PROBLEM DESCRIPTION: The result should be the lines from the one holding "The first stop" to the final line of the records below, repeated exactly and with no pictures.

○ ○ ○

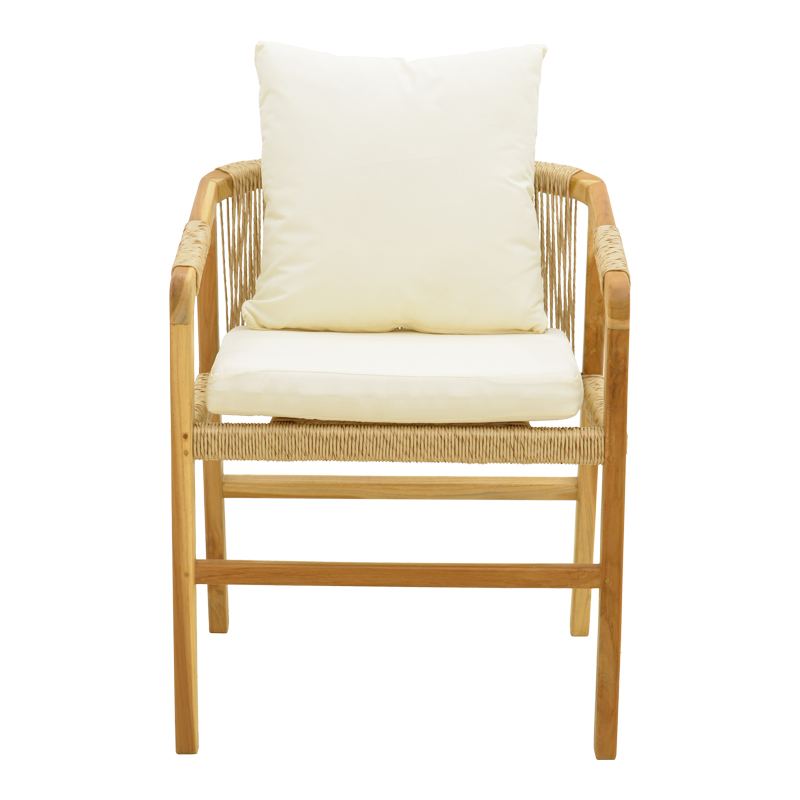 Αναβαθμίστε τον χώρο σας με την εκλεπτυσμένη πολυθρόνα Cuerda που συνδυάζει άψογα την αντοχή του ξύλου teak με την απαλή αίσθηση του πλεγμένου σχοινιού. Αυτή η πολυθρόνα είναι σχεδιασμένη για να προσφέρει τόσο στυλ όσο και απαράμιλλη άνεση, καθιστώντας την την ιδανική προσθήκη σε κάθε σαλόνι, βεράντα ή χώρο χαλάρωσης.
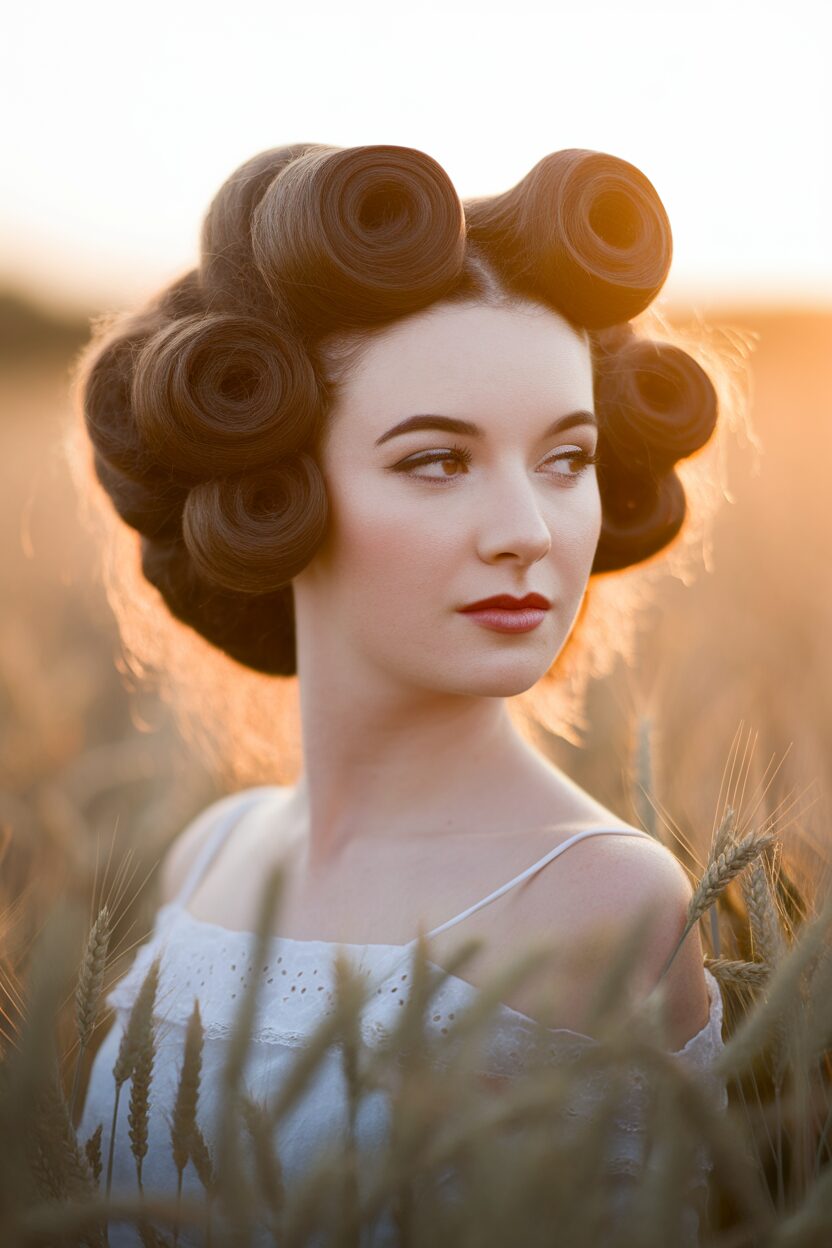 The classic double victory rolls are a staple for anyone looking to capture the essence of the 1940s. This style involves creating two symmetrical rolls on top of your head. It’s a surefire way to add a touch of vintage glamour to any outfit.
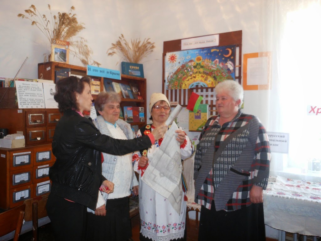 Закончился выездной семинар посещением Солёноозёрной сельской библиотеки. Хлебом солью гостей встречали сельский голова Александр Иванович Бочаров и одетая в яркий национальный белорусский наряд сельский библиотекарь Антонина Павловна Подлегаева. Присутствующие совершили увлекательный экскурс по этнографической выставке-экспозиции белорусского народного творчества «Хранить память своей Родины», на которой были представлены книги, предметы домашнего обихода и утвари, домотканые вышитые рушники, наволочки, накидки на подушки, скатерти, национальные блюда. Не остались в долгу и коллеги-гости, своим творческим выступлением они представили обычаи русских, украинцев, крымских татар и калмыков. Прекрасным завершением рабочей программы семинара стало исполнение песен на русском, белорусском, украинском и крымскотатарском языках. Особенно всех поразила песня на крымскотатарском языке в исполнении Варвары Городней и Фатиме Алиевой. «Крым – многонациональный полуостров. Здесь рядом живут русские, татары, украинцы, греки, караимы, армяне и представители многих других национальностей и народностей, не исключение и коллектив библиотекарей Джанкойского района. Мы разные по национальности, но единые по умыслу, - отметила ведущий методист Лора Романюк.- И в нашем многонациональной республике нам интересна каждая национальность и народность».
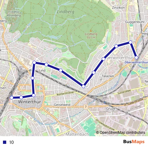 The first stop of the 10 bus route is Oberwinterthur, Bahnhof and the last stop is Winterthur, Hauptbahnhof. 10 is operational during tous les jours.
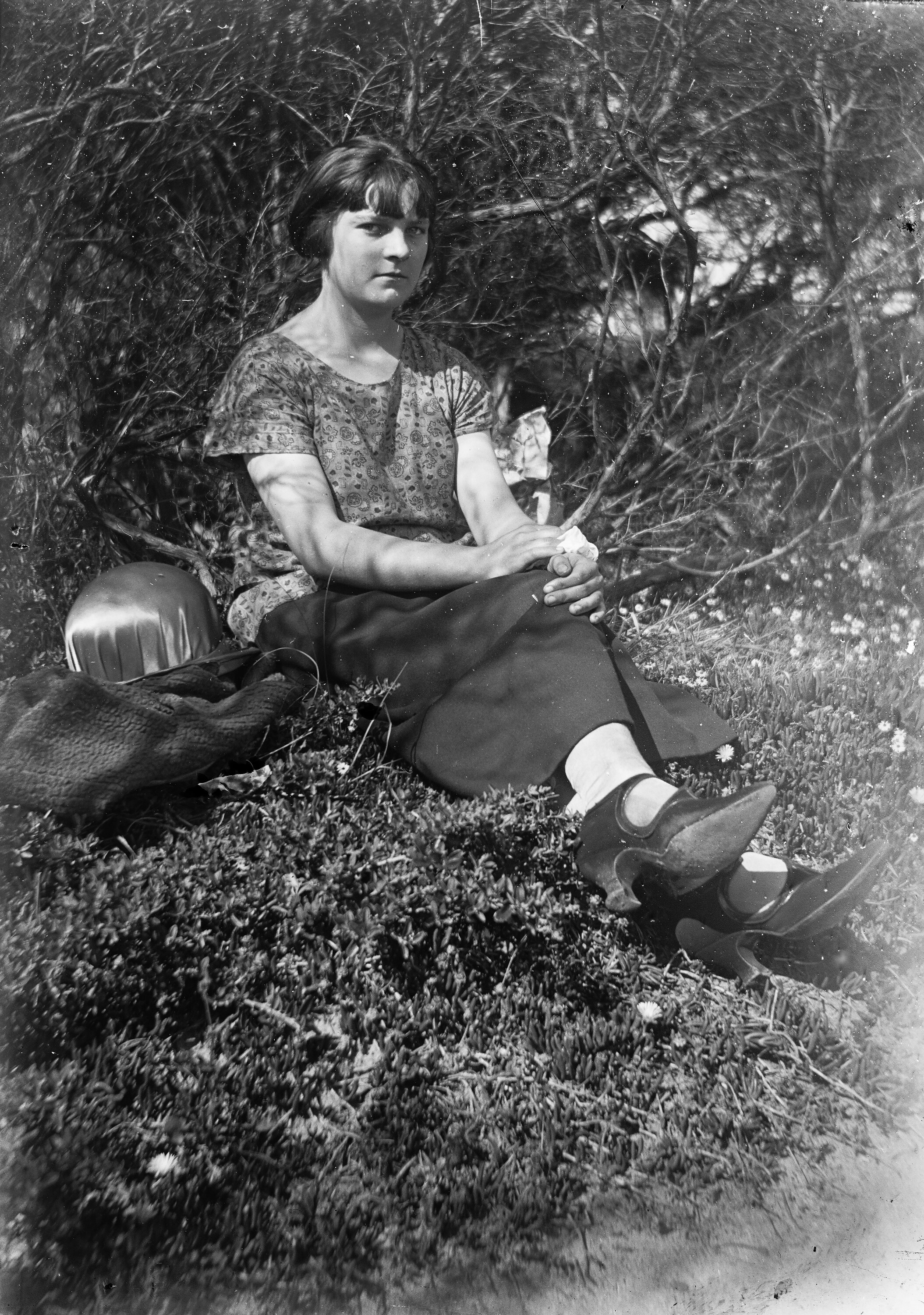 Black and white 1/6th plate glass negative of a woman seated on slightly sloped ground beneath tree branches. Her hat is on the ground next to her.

○ ○ ○

EXERCISE ANSWER:
 The first stop of the 10 bus route is Oberwinterthur, Bahnhof and the last stop is Winterthur, Hauptbahnhof. 10 is operational during tous les jours.
 Black and white 1/6th plate glass negative of a woman seated on slightly sloped ground beneath tree branches. Her hat is on the ground next to her.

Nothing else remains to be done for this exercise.